Hydrothermal synthesis and crystal structure of the Ni2(C4H4N2)(V4O12)(H2O)2 and Ni3(C4H4N2)3(V8O23) inorganic–organic hybrid compounds. Thermal, spectroscopic and magnetic studies of the hydrated phase

Ni2(C4H4N2)(V4O12)(H2O)2, 1, and Ni3(C4H4N2)3(V8O23), 2, have been synthesized using mild hydrothermal conditions at 170 °C under autogenous pressure. Both phases crystallize in the P-1 triclinic space group, with the unit-cell parameters, a=7.437(7), b=7.571(3), c=7.564(4) Å, α=65.64(4), β=76.09(4), γ=86.25(3)° for 1 and a=8.566(2), b=9.117(2), c=12.619(3) Å, α=71.05(2), β=83.48(4), γ=61.32(3)° for 2, being Z=2 for both compounds. The crystal structure of the three-dimensional 1 is constructed from layers linked between them through the pyrazine molecules. The sheets are formed by edge-shared [Ni2O6(H2O)2N2] nickel(II) dimers octahedra and rings composed by four [V4O12] vanadium(V) tetrahedra linked through vertices.

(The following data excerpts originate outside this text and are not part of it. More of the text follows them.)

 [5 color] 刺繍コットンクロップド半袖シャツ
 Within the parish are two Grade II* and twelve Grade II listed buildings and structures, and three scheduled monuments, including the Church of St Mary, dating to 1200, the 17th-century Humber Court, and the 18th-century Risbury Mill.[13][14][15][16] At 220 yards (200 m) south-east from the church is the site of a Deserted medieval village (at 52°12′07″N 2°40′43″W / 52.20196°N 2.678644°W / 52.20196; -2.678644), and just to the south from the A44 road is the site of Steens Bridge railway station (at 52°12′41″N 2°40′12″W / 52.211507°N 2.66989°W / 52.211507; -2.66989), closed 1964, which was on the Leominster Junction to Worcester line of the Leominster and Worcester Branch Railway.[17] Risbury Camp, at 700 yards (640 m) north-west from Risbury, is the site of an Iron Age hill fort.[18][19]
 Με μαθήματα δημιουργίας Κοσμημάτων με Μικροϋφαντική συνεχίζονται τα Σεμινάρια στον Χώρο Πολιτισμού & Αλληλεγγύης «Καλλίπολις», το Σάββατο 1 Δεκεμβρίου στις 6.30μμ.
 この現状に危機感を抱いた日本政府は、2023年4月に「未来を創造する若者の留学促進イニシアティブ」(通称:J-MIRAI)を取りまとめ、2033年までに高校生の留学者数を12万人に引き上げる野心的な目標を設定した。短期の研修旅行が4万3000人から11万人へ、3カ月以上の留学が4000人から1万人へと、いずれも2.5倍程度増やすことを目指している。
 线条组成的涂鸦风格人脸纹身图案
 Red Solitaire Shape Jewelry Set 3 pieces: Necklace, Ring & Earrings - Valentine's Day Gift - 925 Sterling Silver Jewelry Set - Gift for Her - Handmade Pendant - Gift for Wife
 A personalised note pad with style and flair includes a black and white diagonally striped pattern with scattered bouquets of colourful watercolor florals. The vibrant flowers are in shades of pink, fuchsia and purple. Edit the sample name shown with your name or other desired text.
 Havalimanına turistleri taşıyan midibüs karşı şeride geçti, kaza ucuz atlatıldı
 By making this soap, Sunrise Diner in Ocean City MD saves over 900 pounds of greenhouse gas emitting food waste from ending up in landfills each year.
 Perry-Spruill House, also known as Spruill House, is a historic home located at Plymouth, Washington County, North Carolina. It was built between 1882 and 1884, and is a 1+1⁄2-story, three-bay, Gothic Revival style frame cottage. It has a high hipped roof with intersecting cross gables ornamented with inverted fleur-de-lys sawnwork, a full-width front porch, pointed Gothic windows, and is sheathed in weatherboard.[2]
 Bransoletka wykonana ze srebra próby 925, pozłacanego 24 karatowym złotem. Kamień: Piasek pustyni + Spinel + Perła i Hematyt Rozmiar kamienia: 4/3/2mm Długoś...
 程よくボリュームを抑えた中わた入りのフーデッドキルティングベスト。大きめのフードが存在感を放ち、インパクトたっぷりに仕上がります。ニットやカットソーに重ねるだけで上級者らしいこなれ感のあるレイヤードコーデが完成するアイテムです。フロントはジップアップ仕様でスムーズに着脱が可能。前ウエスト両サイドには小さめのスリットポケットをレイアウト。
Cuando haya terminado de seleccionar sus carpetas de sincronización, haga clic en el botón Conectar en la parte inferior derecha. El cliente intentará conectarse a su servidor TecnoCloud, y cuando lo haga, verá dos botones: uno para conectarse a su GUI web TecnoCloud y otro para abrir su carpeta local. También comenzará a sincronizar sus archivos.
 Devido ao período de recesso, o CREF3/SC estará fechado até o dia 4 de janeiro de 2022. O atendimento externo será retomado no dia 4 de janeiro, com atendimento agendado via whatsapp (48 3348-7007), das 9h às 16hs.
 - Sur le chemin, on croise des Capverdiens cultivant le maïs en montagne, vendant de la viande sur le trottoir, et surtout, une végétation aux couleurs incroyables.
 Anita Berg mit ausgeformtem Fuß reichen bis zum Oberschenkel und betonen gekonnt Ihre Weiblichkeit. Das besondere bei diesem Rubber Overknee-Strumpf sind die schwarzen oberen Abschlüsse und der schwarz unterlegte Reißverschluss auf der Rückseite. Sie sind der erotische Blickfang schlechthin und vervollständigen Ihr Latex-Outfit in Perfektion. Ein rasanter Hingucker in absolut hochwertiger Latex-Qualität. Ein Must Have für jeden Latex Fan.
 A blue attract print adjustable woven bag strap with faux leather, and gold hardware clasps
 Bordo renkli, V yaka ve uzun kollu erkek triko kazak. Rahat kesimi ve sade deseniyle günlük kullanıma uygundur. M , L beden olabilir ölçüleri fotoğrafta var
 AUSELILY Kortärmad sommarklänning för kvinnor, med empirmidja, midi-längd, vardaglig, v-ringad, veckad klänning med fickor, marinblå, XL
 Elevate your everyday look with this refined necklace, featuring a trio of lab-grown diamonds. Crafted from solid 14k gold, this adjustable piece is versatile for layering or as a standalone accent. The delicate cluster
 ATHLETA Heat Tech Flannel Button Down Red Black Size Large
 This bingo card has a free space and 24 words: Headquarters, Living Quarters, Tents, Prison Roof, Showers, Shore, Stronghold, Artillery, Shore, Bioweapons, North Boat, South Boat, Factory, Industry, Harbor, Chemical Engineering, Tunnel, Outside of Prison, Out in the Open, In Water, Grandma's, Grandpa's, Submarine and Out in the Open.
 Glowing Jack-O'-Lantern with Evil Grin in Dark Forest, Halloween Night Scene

The crystal structure of 2 is formed from vertex shared [VO4] tetrahedra that give rise to twelve member rings. [NiO4(C4H4N2)2]∞ chains, resulting from [NiO4N2] octahedra and pyrazine molecules, give rise to a 3D skeleton when connecting to [VO4] tetrahedra. Diffuse reflectance measurements of 1 indicate a slightly distorted octahedral geometry with values of Dq=880, B=980 and C=2700 cm−1. Magnetic measurements of 1, carried out in the 5.0–300 K range, indicate the existence of antiferromagnetic couplings with a Neel temperature near to 38 K.